Marx affirmait que le capitalisme ne fonctionne qu’avec une « armée de réserve » de chômeurs. En Grèce antique, le taux de chômage était de zéro. Aujourd’hui pourtant, les défilés syndicaux réclament des emplois, mais jamais d’emplois utiles. Dans un de ses discours sur le secteur de la santé, Obama avouait lui-même l’existence des jobs à la con, mais qu’il ne pouvait les supprimer.
Dans l’enseignement aux USA, en 20 ans, les postes d’enseignants ont augmenté de 50% tandis que les postes administratifs de 85%.
Témoignage de Rupert, employé du secteur bancaire: « si la compétence et l’efficacité sont des valeurs qui comptent aux échelons inférieurs, il semble que ce soit de moins en moins vrai à mesure que l’on s’élève dans la hiérarchie ».
Nous sommes dans une féodalité managériale
Car il s’agit d’un système de redistribution. Mais hélas sans le principe d’autogouvernance, car dans la féodalité médiévale, on pouvait par exemple choisir soi-même les méthodes de travail, les nouveaux venus, les former. Ce n’est plus le cas aujourd’hui où l’autonomie de ceux qui font le travail a totalement disparu pour laisser place à un contrôle toujours plus important.
Chapitre 6 : pourquoi notre société reste-t-elle sans réaction face à la généralisation des emplois inutiles
Bien qu’ils prolifèrent et génèrent de la souffrance, rien n’est fait pour changer la situation: il n’y a pas de chercheurs ni tribunes d’opinion ou de manifestations. Personne n’écrit dans la presse « il y a des gens qui travaillent trop dur et feraient bien de ralentir ». Au contraire, on stigmatise certaines catégories : jeunes, pauvres, bénéficiaires d’aides sociales, nationalité ou groupe ethnique (durant la crise de la dette grecque, les Allemands disaient que les Grecs étaient des feignants).

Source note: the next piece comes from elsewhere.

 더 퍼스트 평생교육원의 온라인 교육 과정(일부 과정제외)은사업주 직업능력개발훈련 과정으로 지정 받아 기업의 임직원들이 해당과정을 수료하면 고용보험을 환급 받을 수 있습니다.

De nombreux concepts économiques plongent leurs racines dans la doctrine religieuse, et les controverses autour de la notion de valeur sont toujours teintées de religion. Ceux qui bossent dur sont admirés, peu importe la nature du job. De plus, la valeur sociale du travail est inversement proportionnelle à la valeur économique: on récompense les comportements inutiles et on punit les gens qui rendent le monde meilleur. Plus votre job bénéficie aux autres et crée de la valeur sociale, moins vous serez payé pour le faire.
À propos de la conception du travail
Le travail est l’opposé du jeu qu’on s’adonne sans raison, pour le plaisir. Il s’agit d’une punition qui nous aide à accomplir quelque chose qui va au-delà.

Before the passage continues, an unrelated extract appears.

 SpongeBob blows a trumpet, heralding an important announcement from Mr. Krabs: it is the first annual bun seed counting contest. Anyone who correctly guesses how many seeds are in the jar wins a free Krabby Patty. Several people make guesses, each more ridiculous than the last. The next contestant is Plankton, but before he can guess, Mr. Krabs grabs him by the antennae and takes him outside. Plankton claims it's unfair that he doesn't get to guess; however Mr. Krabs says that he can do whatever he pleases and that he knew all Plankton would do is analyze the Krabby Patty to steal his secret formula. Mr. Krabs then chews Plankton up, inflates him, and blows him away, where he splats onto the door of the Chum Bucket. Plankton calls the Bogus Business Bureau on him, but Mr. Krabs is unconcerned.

« Il existe deux types de travail. Le premier consiste à déplacer une certaine quantité de matière se trouvant à la surface de la Terre ou dans le sol même. Le second, à dire à quelqu’un d’autre de le faire. Le premier type de travail est désagréable et mal payé. Le second est agréable et très bien payé. » – Bertrand Russel
Selon Aristote, le travail ne rend pas meilleur, au contraire, il vous avilit, car il empêche de vous consacrer à vos obligations sociales et politiques.
Thomas Carlyle considérait le travail proche du divin, une activité noble, un don de Dieu. Alors que Nietzsche disait l’inverse, que le travail bride le développement de la raison, des convoitises, il retire la force à la réflexion, à la méditation, aux rêves, aux soucis, à l’amour et à la haine.
Le principe selon lequel toute richesse découle du travail s’est développé aux États-Unis et est devenu du bon sens. Dès le début du christianisme, le travail est comparé à l’acte de Création divine ou un moyen de se perfectionner.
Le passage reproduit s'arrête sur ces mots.